While federal law says that fuel must be stored in approved containers, you may want to think outside the box and find a way to camouflage the containers as something else in a true crisis situation. Perhaps use the same durable cans but use a different color like blue or yellow. Maybe stencil a label that says something like WATER, KEROSENE, or even USED FRY OIL to throw people off. Keep in mind that if someone sees you refilling with a mislabeled can, your cover will be blown, so keep it on the down low.
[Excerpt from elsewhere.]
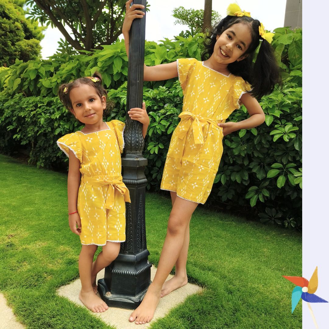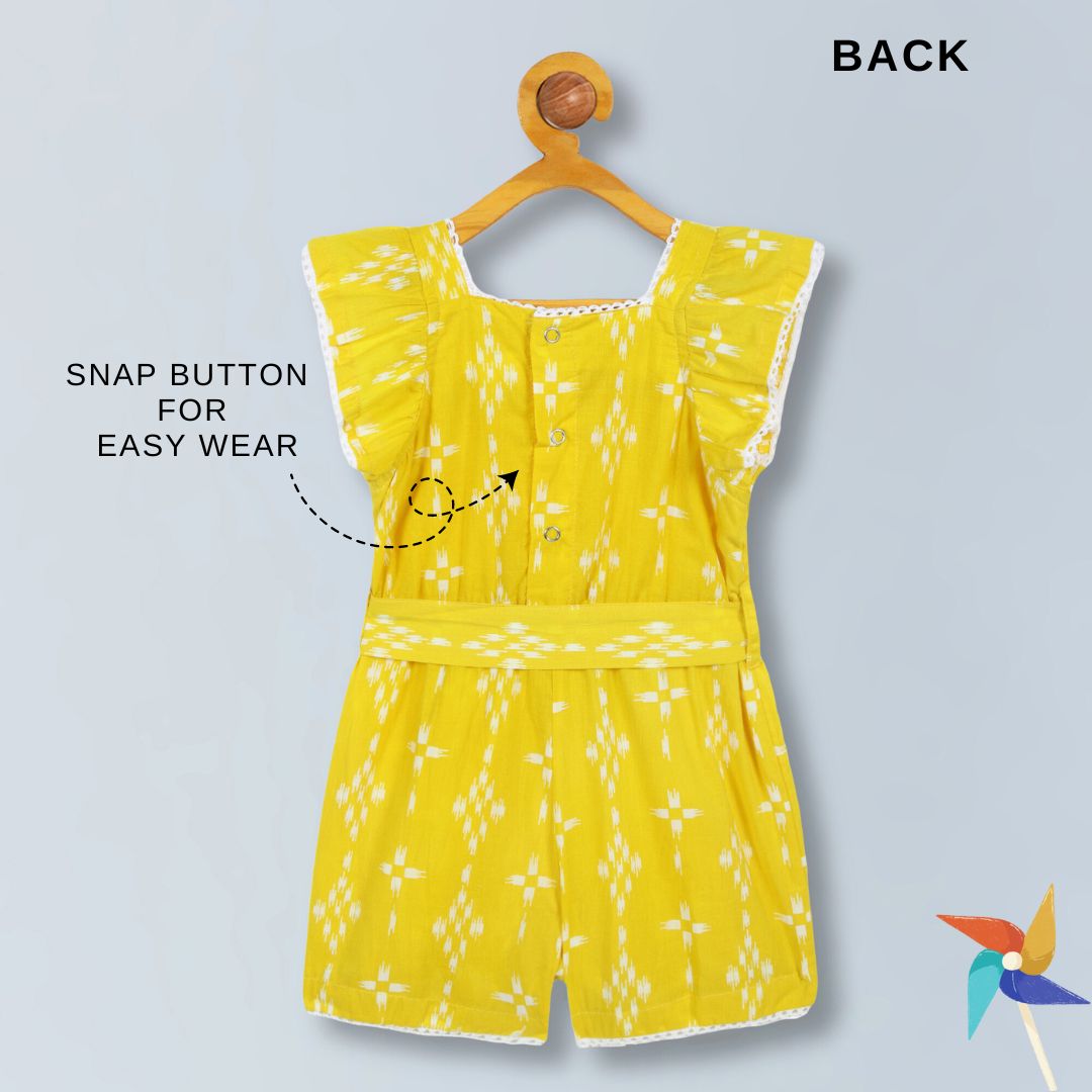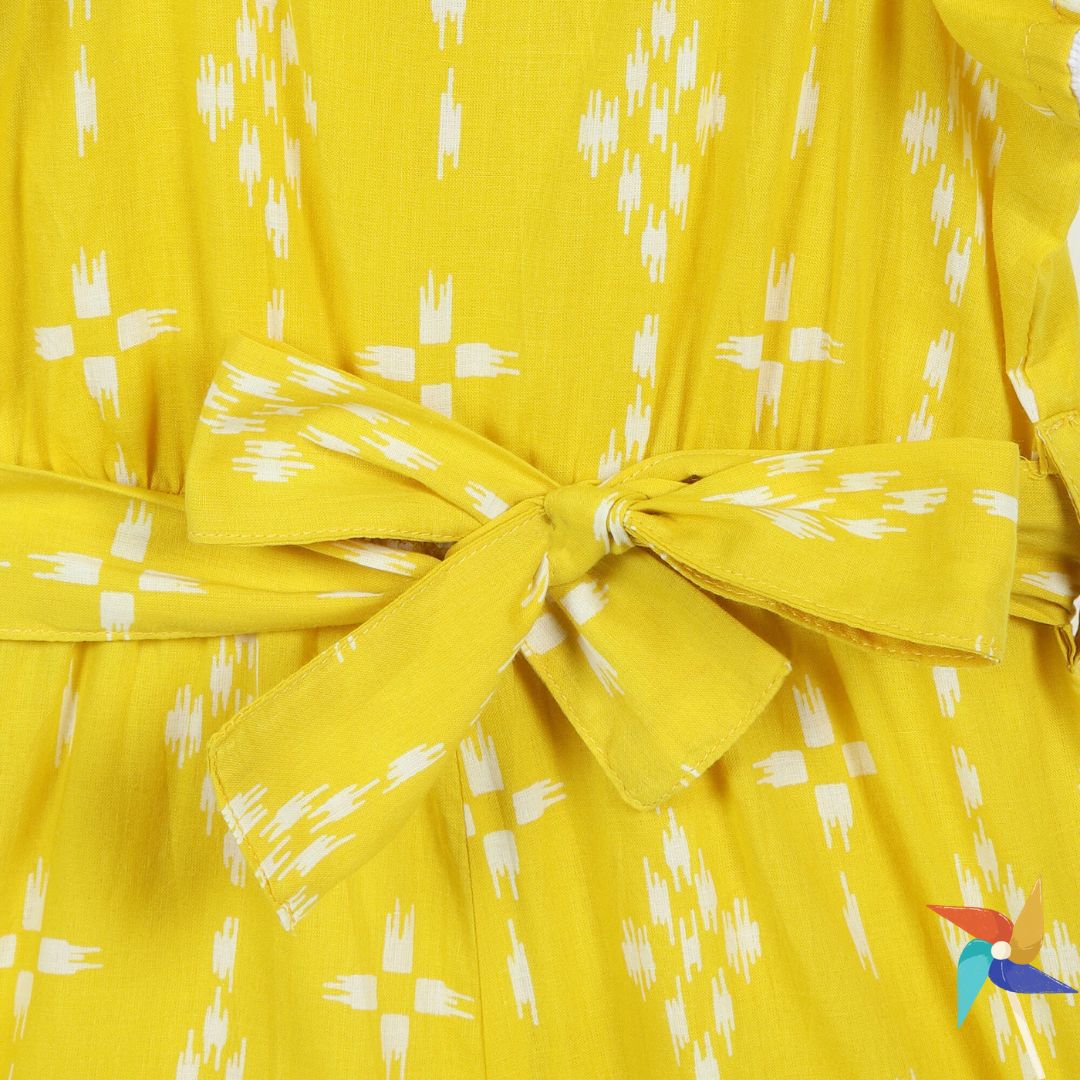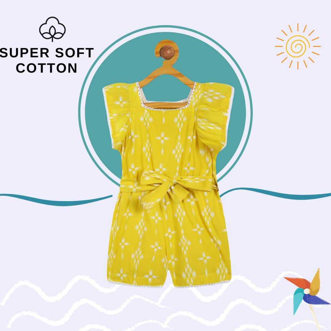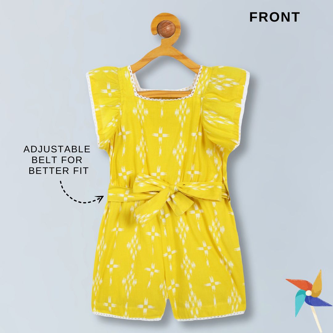 Got a girl who wants to look her best all day long? This yellow jumpsuit, made of 100% breathable cotton, is the perfect pick! With flared sleeves and adjustable belt for a flexible fit, it's the ultimate quirky and fun outfit for your playful little fashionista.

The other items we need to consider for resupply are food and water. The purpose of bugging out is to get out of dodge, and stopping in other populated areas could be dangerous. Since safety and security are prime considerations in a vehicle bug-out, it would be wise to keep all bags packed, zipped, buckled, and near the doors for a quick escape. Some stops are hard to avoid, such as the bathroom break, although there are ways to work around that with certain travel potty products.
Long rides mean potentially missed meals and possibly dehydration. There are many nutrition options available to the traveler these days, from protein bars to MREs that can be eaten cold if needed. When planning for your bug-out scenarios, take this into consideration. If you don’t, there could be some hangry passengers onboard. Think about how you are going to get at least 1200 calories into each passenger per day, if not more, and do that without taking it from a well-packed bug-out bag.
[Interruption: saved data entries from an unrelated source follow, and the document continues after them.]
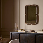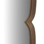 Crafted from premium solid oak with iron accents, this mirror features a distinctive petal-shaped frame that draws inspiration from botanical forms. Bullnose edge treatment provides refined finishing throughout, creating a sophisticated piece that combines natural wood warmth with architectural precision.
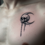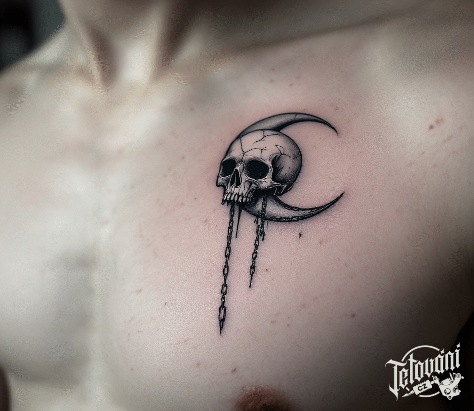 Tetování metalový motiv lebka s měsícem na prso
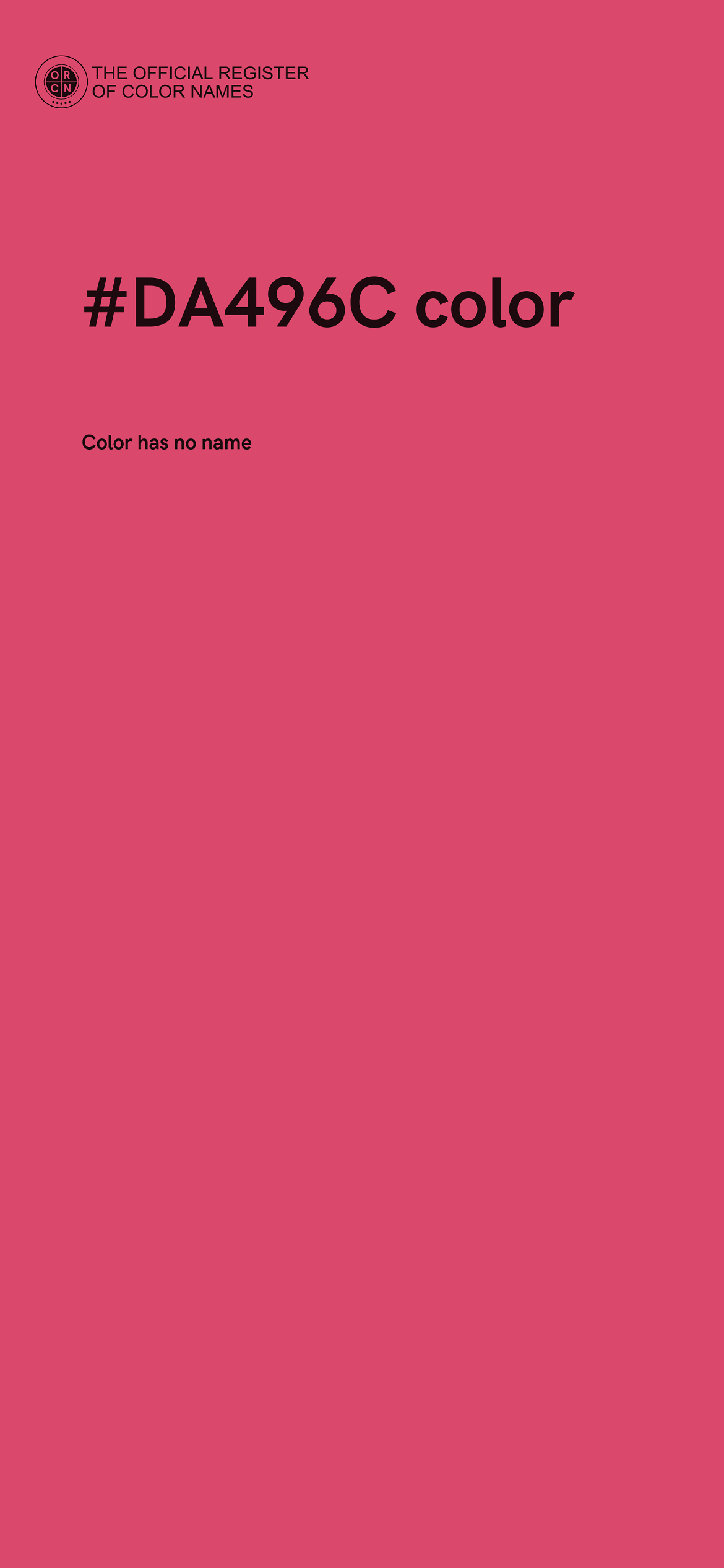 For printing in non digital world, #DA496C is represented in CMYK as 0 Cyan, 57 Magenta, 43 Yellow, and 15 Black (Key) (C:0 M:57 Y:43 K:15).

Your passengers will need water too. The formula for proper hydration is at a minimum, one ounce of water per pound of weight multiplied by .55 (1oz.per Lb. Body weight x.55= daily water intake in ounces). For example, a 200-pound person should drink approximately 110 ounces of water. That is almost one gallon per day and more if the workload and weather require it.
BUGGING OUT IS ESSENTIALLY AN EVACUATION TO SAFETY. Try to plan your evac routes to avoid potentially dangerous areas while keeping you near the necessities in case of an unplanned breakdown or emergency. Part of your travel plan should be your loadout, and things that get used up need to be high on your packing and resupply list. There should also always be a Plan “B.” If you break down or somehow lose all of your supplies, how will you continue the mission? Before you begin your vehicle journey, think about what would happen if you had to walk. Does your route take you past reliable food and water sources? Do you have an alternate way to carry water, food, or even an injured person to the next resupply stop?
THESE ARE ALL THINGS THAT NEED TO BE CONSIDERED BEFORE YOU LEAVE THE DRIVEWAY.